More importantly, even if plaintiff had properly styled his claim under 42 U.S.C. § 1983, plaintiff fails to plead that the alleged racial discrimination resulted from defendant's official policy or custom. It is well-settled that a municipality or local government unit cannot be held liable under a theory of respondeat superior. Monell v. Dep't of Soc. Servs., 436 U.S. 658, 691 (1978). Instead, plaintiffs must "satisfy the custom or policy' test fashioned for suits against a municipality under § 1983." Evans v. City of Houston, 246 F.3d 344, 358 (5th Cir. 2001) (citing Monell, 436 U.S. at 690-91). In order to hold a municipality or local government unit liable under Section 1983, "a plaintiff must initially allege than an official policy or custom was a cause in fact of the deprivation of rights inflicted." Spiller v.
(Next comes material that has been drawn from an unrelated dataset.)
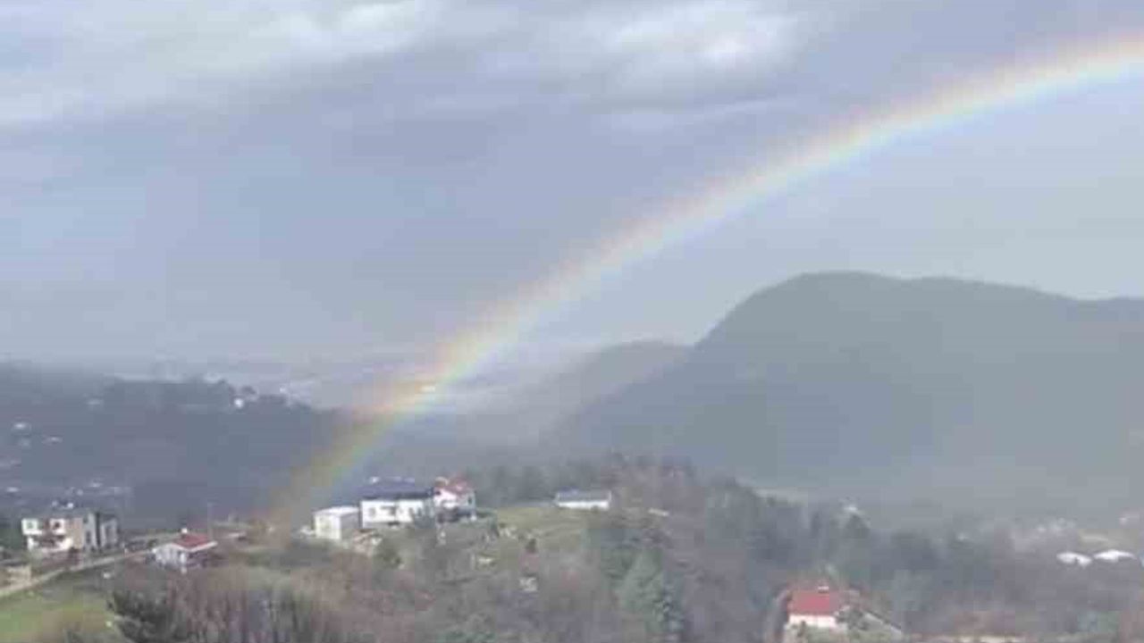 O anlara tanıklık eden vatandaşlar, gökkuşağını cep telefonlarıyla görüntülerken, kısa süre etkili olan doğa olayı çevrede görsel bir şölen sundu. Gökyüzünde beliren gökkuşağı, bir süre sonra yavaş yavaş kayboldu.

City of Texas City, Police Dept., 130 F.3d 162, 167 (5th Cir. 1997). See also Piotrowski v. City of Houston, 237 F.3d 567, 578 (5th Cir. 2001) ("[M]unicipal liability under section 1983 requires proof of three elements: a policymaker, an official policy, and a violation of [federal] rights whose moving force' is the policy or custom.").
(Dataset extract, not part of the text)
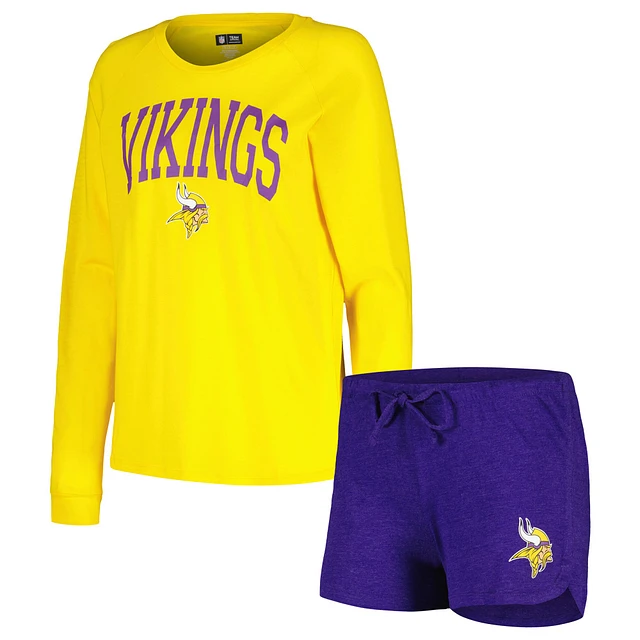 Women's Concepts Sport Purple/Gold Minnesota Vikings Raglan Long Sleeve T-Shirt & Shorts Lounge Set

Plaintiff's complaint is devoid of any reference to an official custom or policy that served as the moving force behind the alleged racial discrimination. Plaintiff's only allegation is that "other white employees committed the same violation and/or more serious violations and were given less serious disciplinary actions."[7] Plaintiff supports this assertion by providing two examples where white employees allegedly wrecked company vehicles and one occasion where a "white employee was injured on the job and none of the three employees involved were charged or terminated."[8] These allegations, even if true, are insufficient; plaintiff "must identify the policy or custom which allegedly caused the deprivation" of his federal rights. Zara v. Strain, CIV. A. No. 09-3919, 2011 WL 723409, at *2 (E.D. La. Feb. 22, 2011). Because plaintiff does not allege that an official custom or policy was a cause in fact of the alleged race-based termination, plaintiff's claim must be dismissed. See, e.g., Simmons v. Mesquite Indep. Sch. Dist., CIV. A. No. 3:03-CV-2665, 2004 WL 1171189, at *5 (N.D. Tex. May 26, 2004) ("Because plaintiffs fail to allege that they were damaged by the action of an official policymaker or defendant's policy, practice, or custom, plaintiffs have failed to state a claim under § 1983."); Richardson v. Sewerage & Water Bd., CIV. A. No. 95-3033, 1996 WL 288275, at *3 (E.D. La. May 30, 1996) (dismissing claim against New Orleans Sewerage and Water Board, a legislatively created political subdivision of Louisiana, because plaintiff failed to identify an official policy or custom).

IV. Conclusion

For the foregoing reasons, defendant's motion to dismiss is granted. Plaintiff's claim is dismissed without prejudice. Plaintiff will be allowed twenty-one (21) days from the date of this order to amend his complaint. Failure to timely amend the complaint will result in dismissal of the claim with prejudice.